Source records:
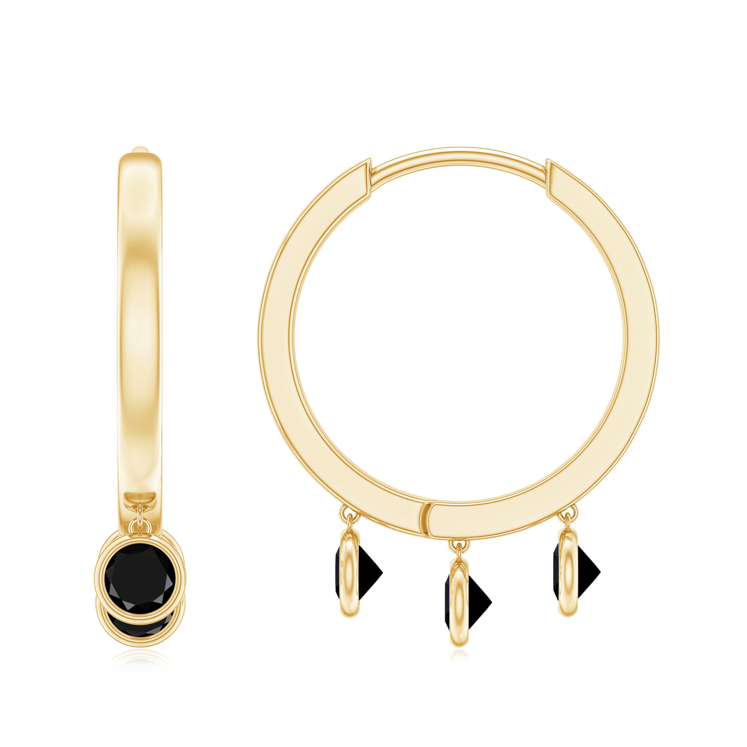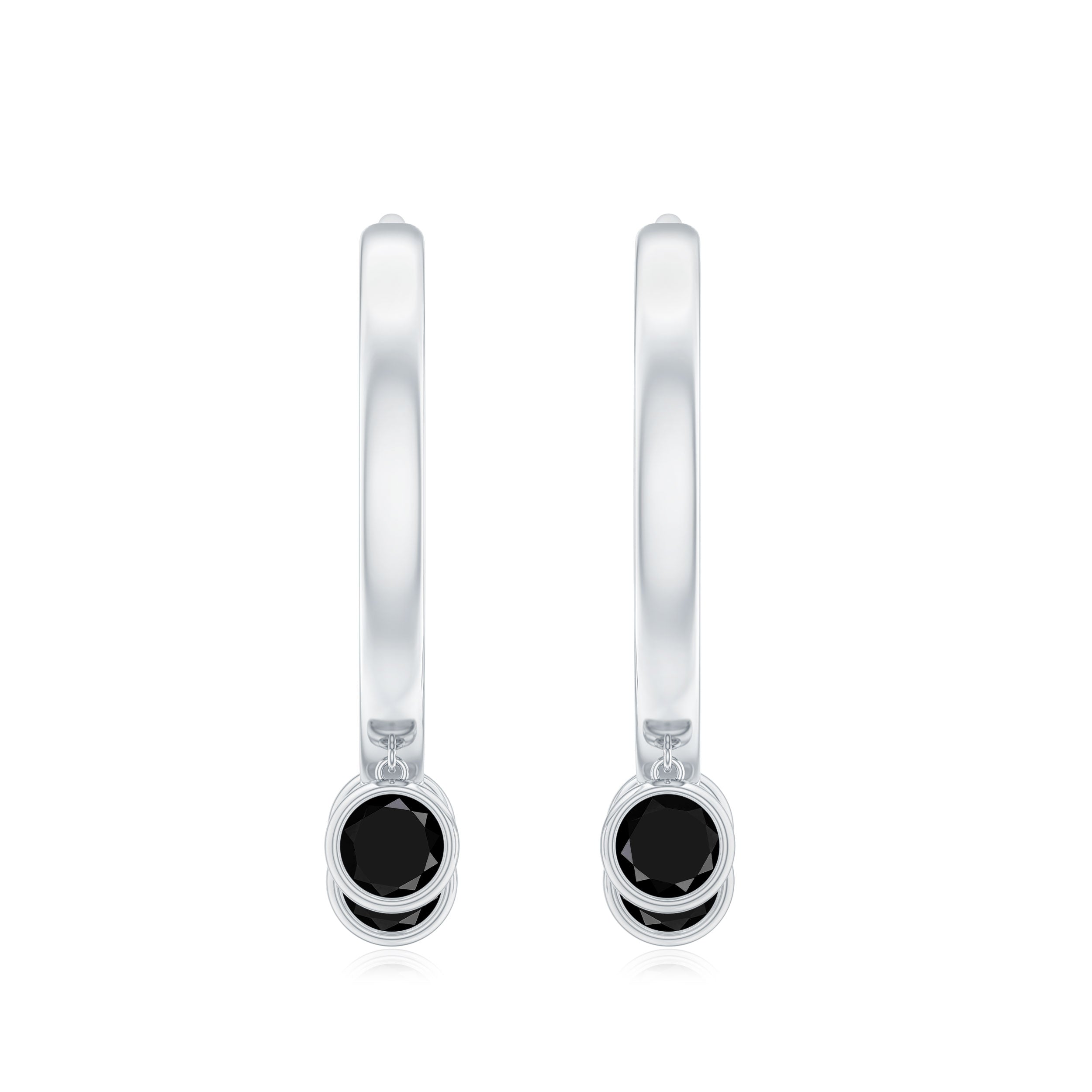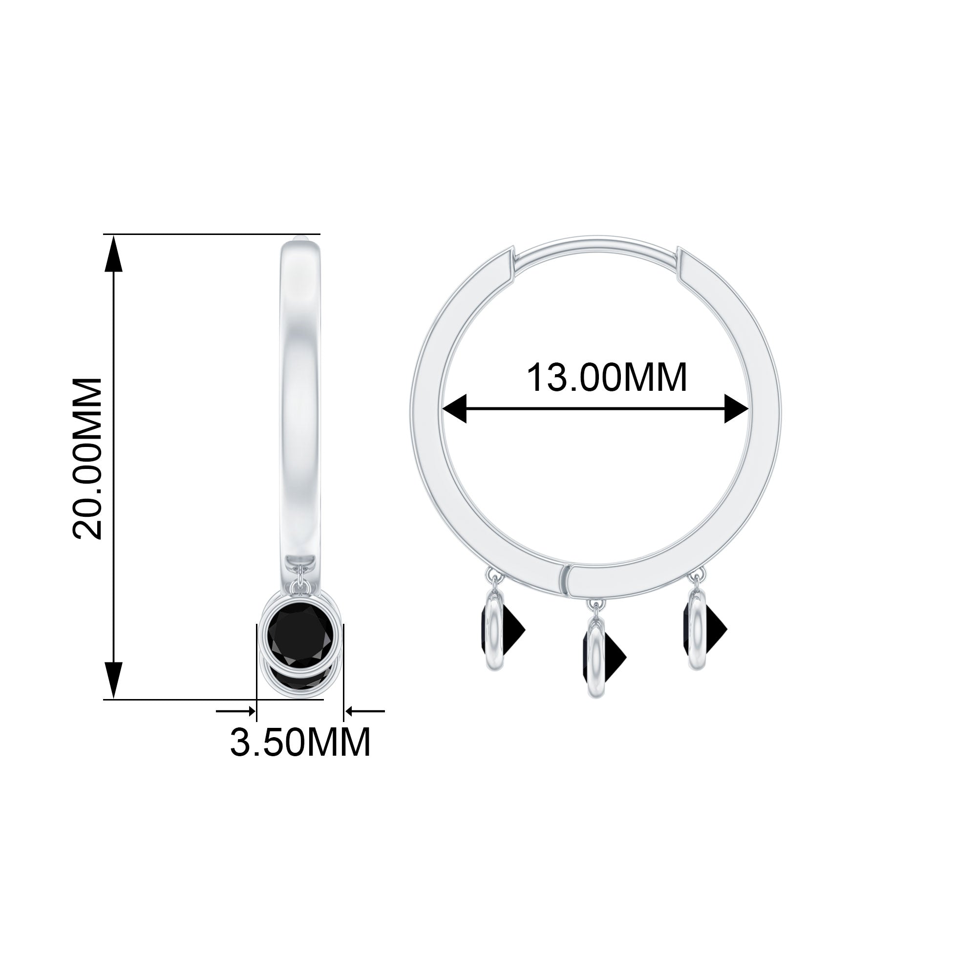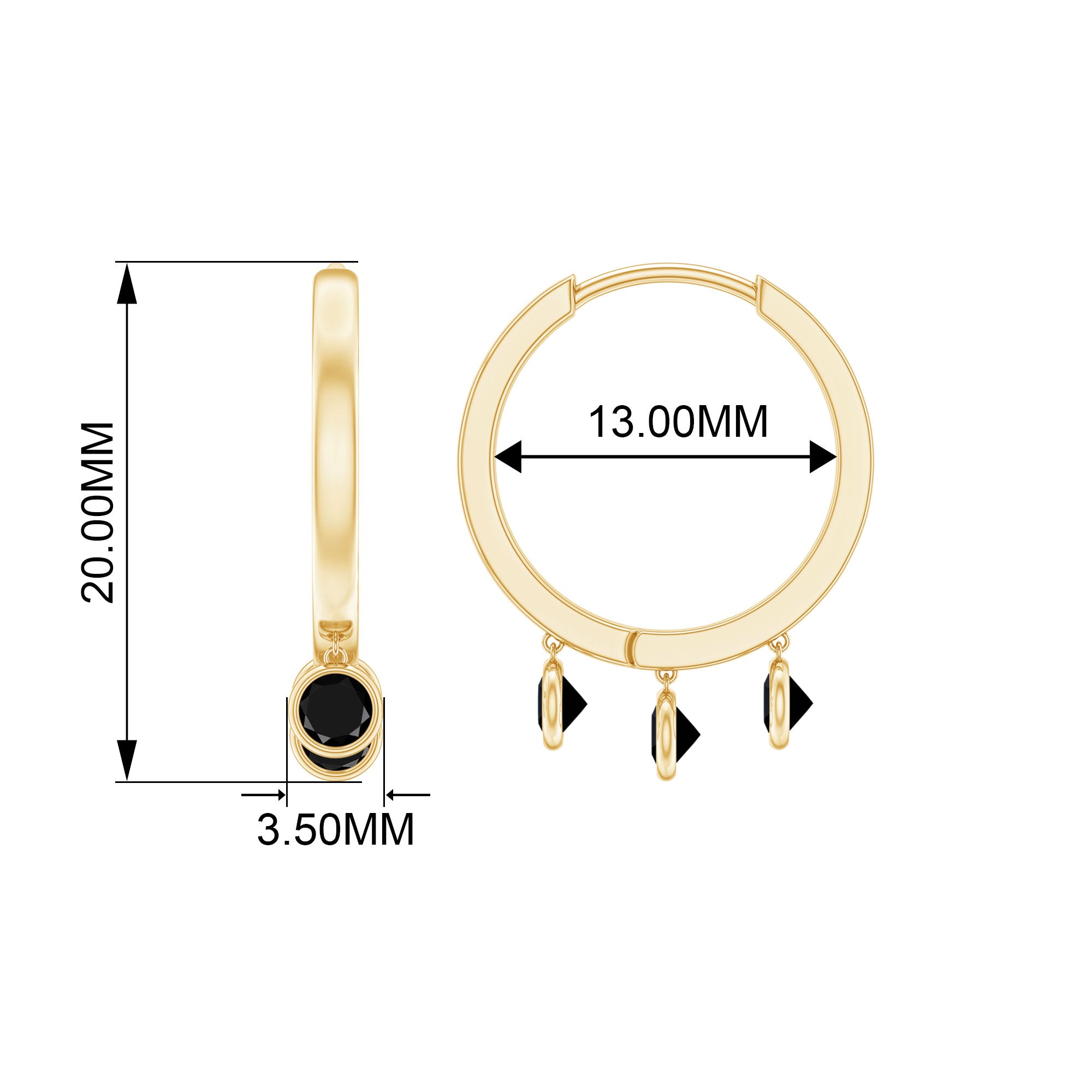 Three Stone Created Black Diamond Hoop Drop Earrings in Bezel Setting
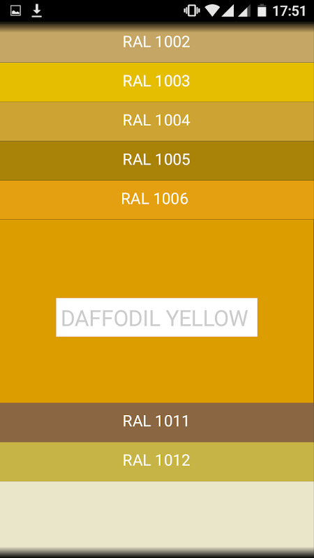 Az alkalmazás a Classic RAL rendszer szerinti szabványos színek áttekintését jeleníti meg, kódokkal, írásban és kimondva.
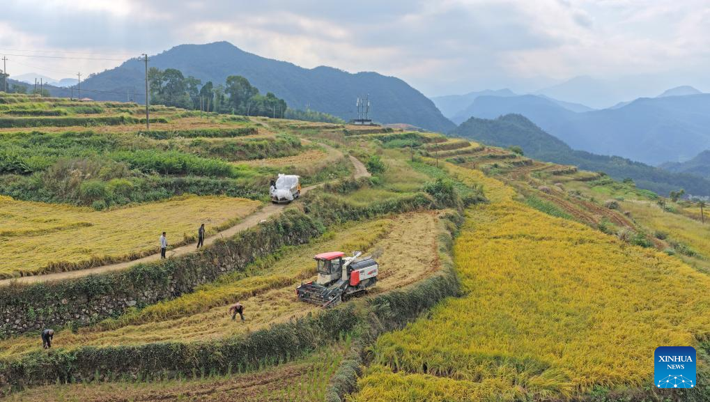 This aerial drone photo taken on Oct. 23, 2025 shows farmers harvesting rice in Tengchong, southwest China's Yunnan Province. Thursday marks the Frost's Descent. As the last solar term in autumn, Frost's Descent signifies the upcoming winter. Days around Frost's Descent are harvest time for most crops. (Photo by Gong Zujin/Xinhua)
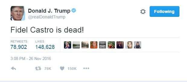 «Ο Φιντέλ Κάστρο είναι νεκρός!» Αυτή τη φράση ανάρτησε ο Ντόναλντ Τραμπ στον λογαριασμό του στο Twitter όταν έμαθε την είδηση για τον θάνατο του ιστορικού ηγέτη της Κούβας
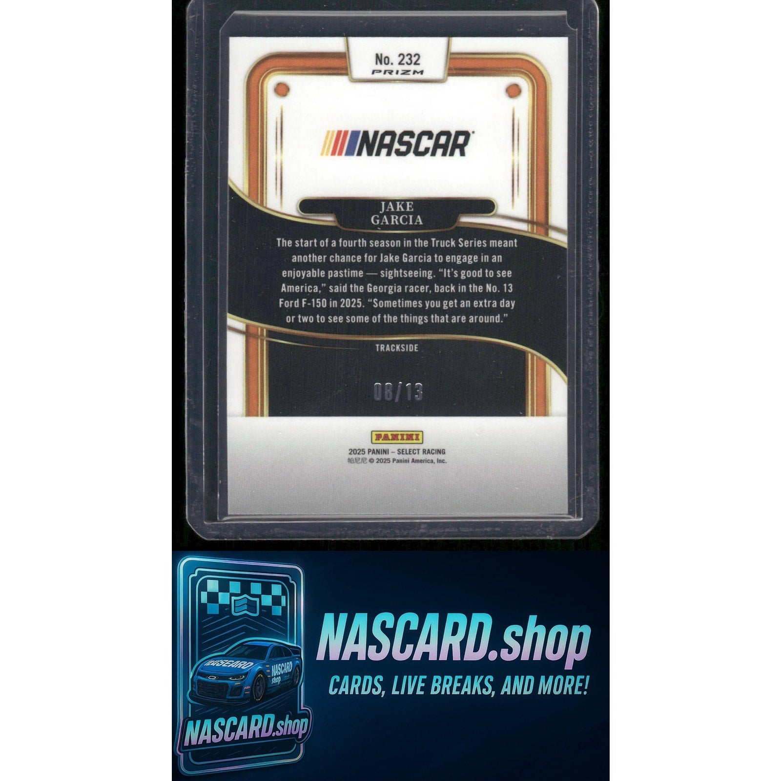 2025 Panini Select Trackside #232 Jake Garcia Gold Power Plaid #/13
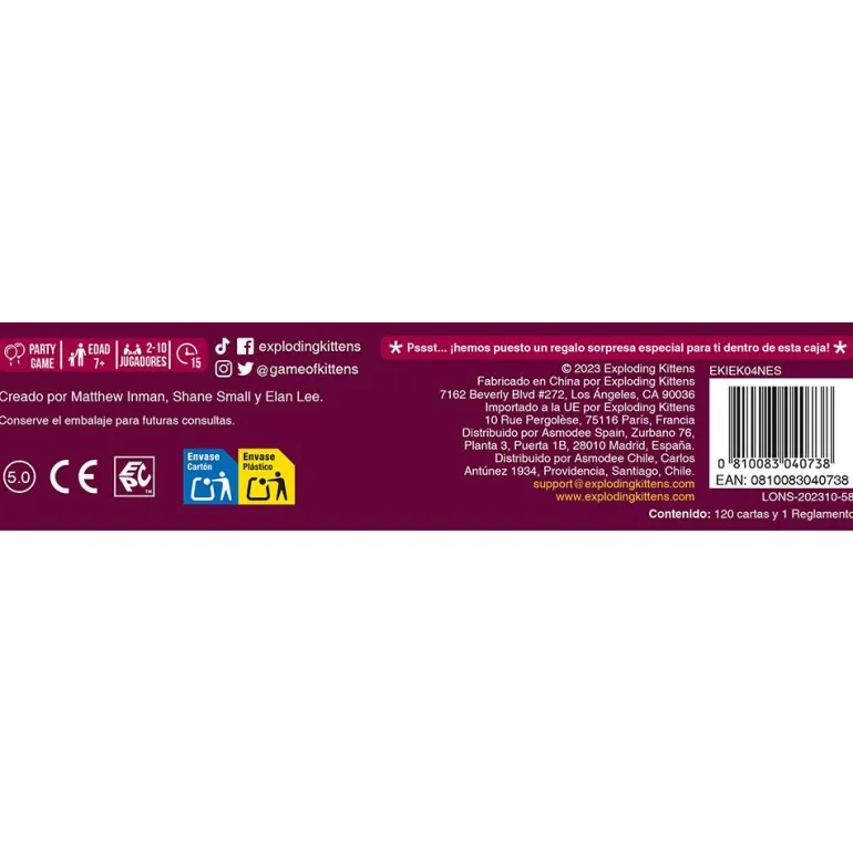 En Exploding Kittens, el azar y la estrategia se entremezclan de una forma magistral. Sus reglas son sencillas y las partidas cortas y emocionantes, lo que le aporta un componente adictivo difícil de superar. ¡Muy pronto, será vuestro favorito indiscutible! Es el proyecto de kickstarter con más patrocinadores de la historia, ¡descubre por qué! Fabricante/Representante: Asmodee Group 18 Rue Jacqueline Auriol, 78280-Guyancourt France Email: [email protected]

### About this task
Would you copy the records word for word, without any of their pictures?

### Answer below
 Three Stone Created Black Diamond Hoop Drop Earrings in Bezel Setting
 Az alkalmazás a Classic RAL rendszer szerinti szabványos színek áttekintését jeleníti meg, kódokkal, írásban és kimondva.
 This aerial drone photo taken on Oct. 23, 2025 shows farmers harvesting rice in Tengchong, southwest China's Yunnan Province. Thursday marks the Frost's Descent. As the last solar term in autumn, Frost's Descent signifies the upcoming winter. Days around Frost's Descent are harvest time for most crops. (Photo by Gong Zujin/Xinhua)
 «Ο Φιντέλ Κάστρο είναι νεκρός!» Αυτή τη φράση ανάρτησε ο Ντόναλντ Τραμπ στον λογαριασμό του στο Twitter όταν έμαθε την είδηση για τον θάνατο του ιστορικού ηγέτη της Κούβας
 2025 Panini Select Trackside #232 Jake Garcia Gold Power Plaid #/13
 En Exploding Kittens, el azar y la estrategia se entremezclan de una forma magistral. Sus reglas son sencillas y las partidas cortas y emocionantes, lo que le aporta un componente adictivo difícil de superar. ¡Muy pronto, será vuestro favorito indiscutible! Es el proyecto de kickstarter con más patrocinadores de la historia, ¡descubre por qué! Fabricante/Representante: Asmodee Group 18 Rue Jacqueline Auriol, 78280-Guyancourt France Email: [email protected]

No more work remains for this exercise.